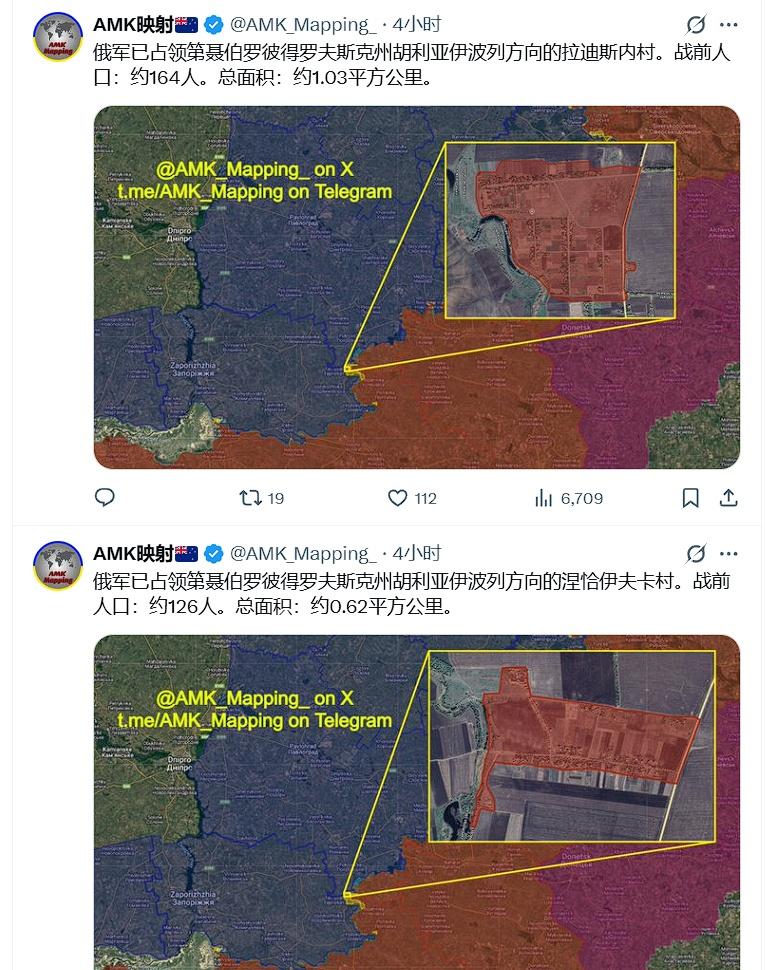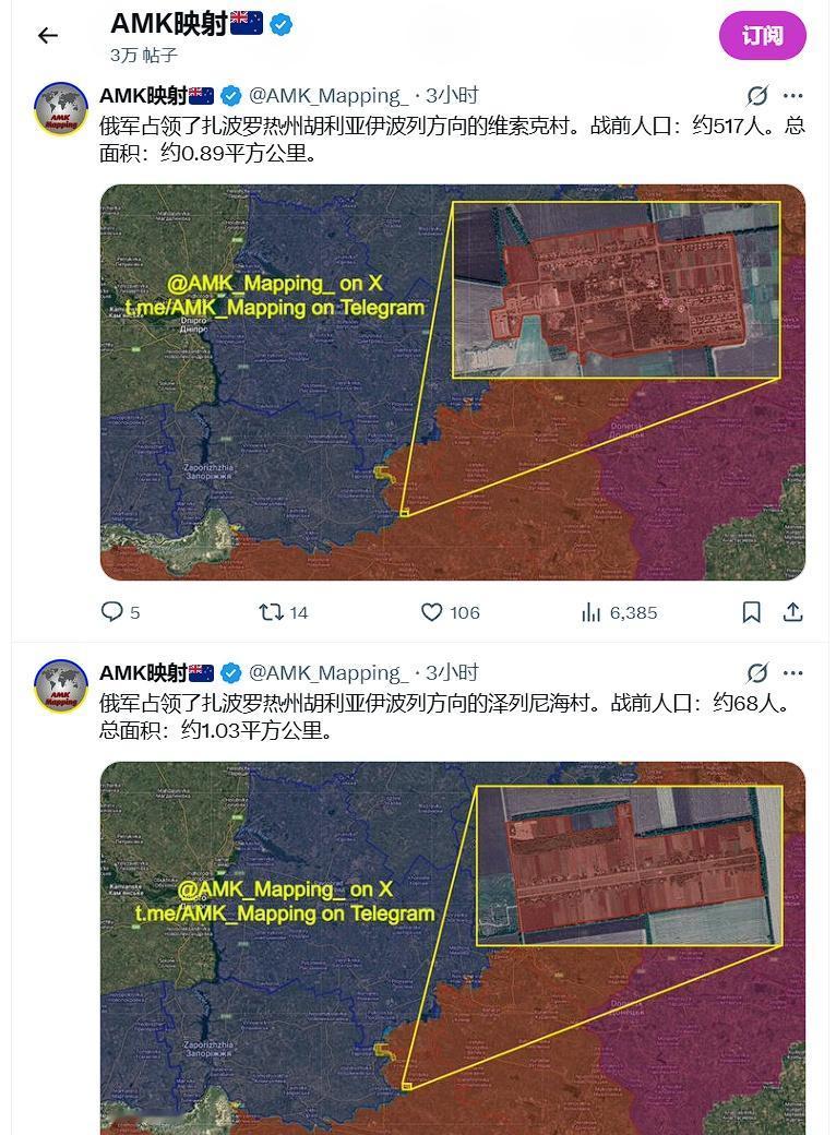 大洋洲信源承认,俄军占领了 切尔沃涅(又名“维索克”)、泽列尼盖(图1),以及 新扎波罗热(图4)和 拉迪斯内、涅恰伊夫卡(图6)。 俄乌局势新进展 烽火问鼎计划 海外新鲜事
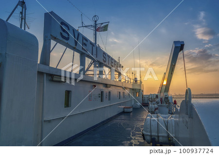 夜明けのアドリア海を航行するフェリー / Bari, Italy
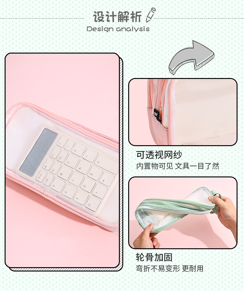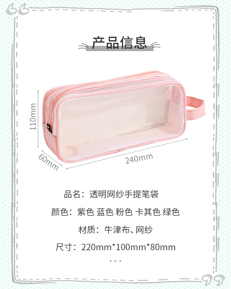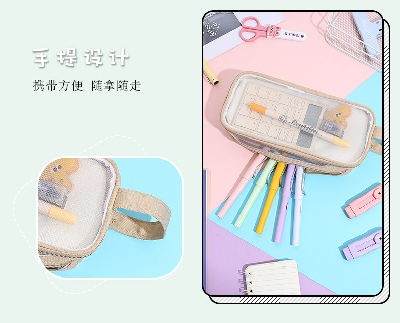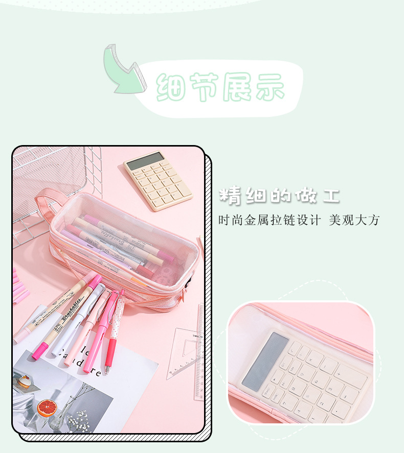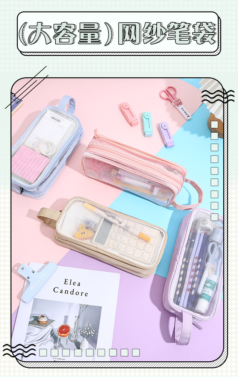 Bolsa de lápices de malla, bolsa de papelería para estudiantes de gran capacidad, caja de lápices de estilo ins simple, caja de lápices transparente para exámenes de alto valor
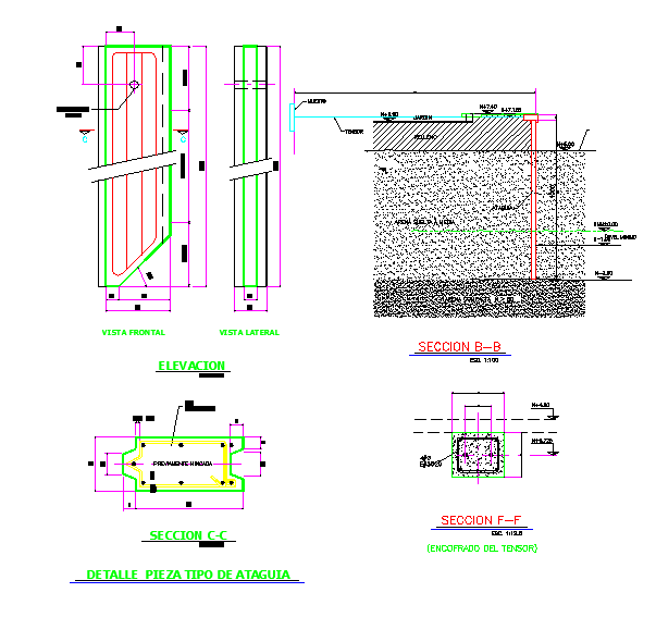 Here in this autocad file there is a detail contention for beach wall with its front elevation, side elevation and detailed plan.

**Work instructions**
Down to the final line, restate the material above word for word, but omit its pictures.

**Response to this task**
 大洋洲信源承认,俄军占领了 切尔沃涅(又名“维索克”)、泽列尼盖(图1),以及 新扎波罗热(图4)和 拉迪斯内、涅恰伊夫卡(图6)。 俄乌局势新进展 烽火问鼎计划 海外新鲜事
 夜明けのアドリア海を航行するフェリー / Bari, Italy
 Bolsa de lápices de malla, bolsa de papelería para estudiantes de gran capacidad, caja de lápices de estilo ins simple, caja de lápices transparente para exámenes de alto valor
 Here in this autocad file there is a detail contention for beach wall with its front elevation, side elevation and detailed plan.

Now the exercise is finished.